Third, the authors and institutes in the USA have published and registered most of reports on the studies of rehabilitation and other treatments for glioma stem cells. Duke University and University of California, San Francisco were found to be the most productive institutions, followed by Harvard University, Memorial Sloan-Kettering Cancer Center, and the National Cancer Institute. The articles written by authors Rich JN, Mclendon RE, and Hjelmeland AB, from Duke University, were predominant in citations.

Finally, the journals focusing on cancer published the most articles on glioma stem cell studies.
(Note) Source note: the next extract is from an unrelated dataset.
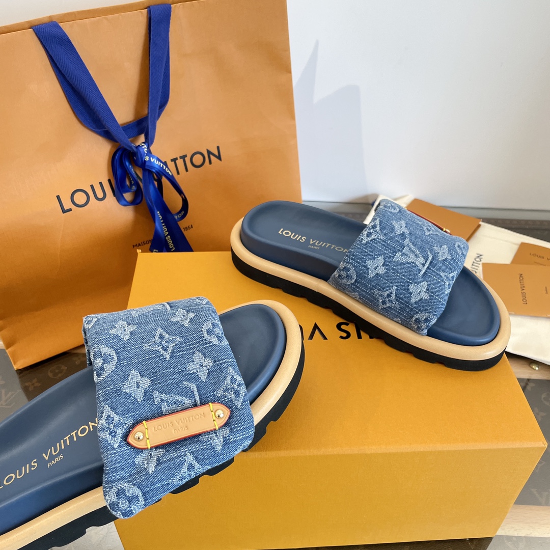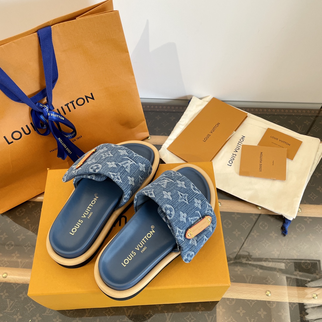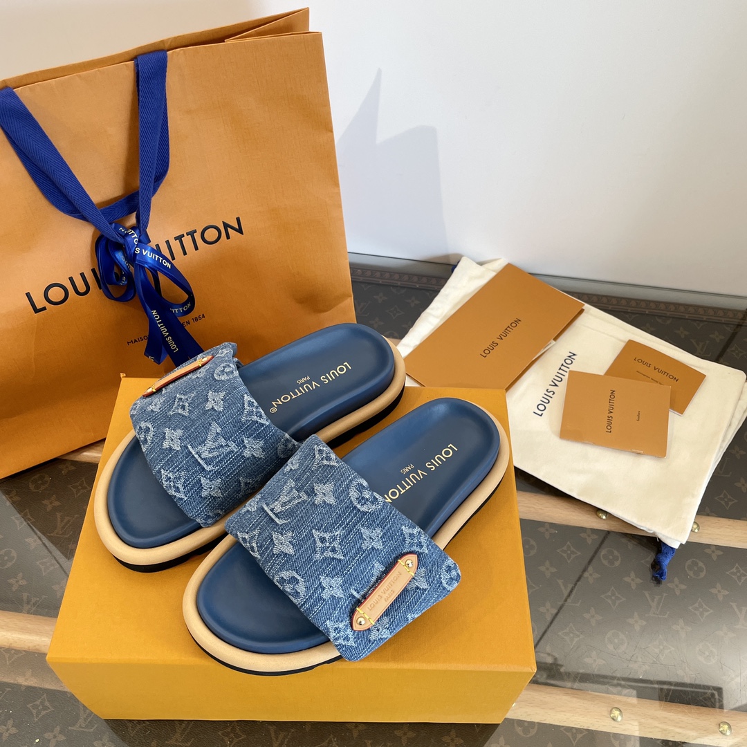 Louis Vuitton Men’s Navy Blue Embossed Monogram Slide Sandals

Our review has limitations. First, we searched articles in the Web of Science with “glioma stem cell” or “glioma, stem cell” or “brain tumor stem cell” in the topic field, which may miss some citations related to our analysis, such as papers regarding “tumor initiating cells”. Another limitation is citation analysis has oriented or biased citing, including self-citation, in-house, or negative citation, which is also a problem that should not be ignored[78]. An important thing to be mentioned is that impact factor or citation analysis is not an index to evaluate the quality of scientific research, but rather a measure of recognition. That is, the number of citations of an article is not considered equivalent to its importance[79].

CONCLUSION

Our bibliometric analysis provides a historical perspective on the progress in glioma stem cell research in the past 20 years. Papers originating from the outstanding institutions of United States and published in high-impact journals are most likely to be cited in the field of glioma research.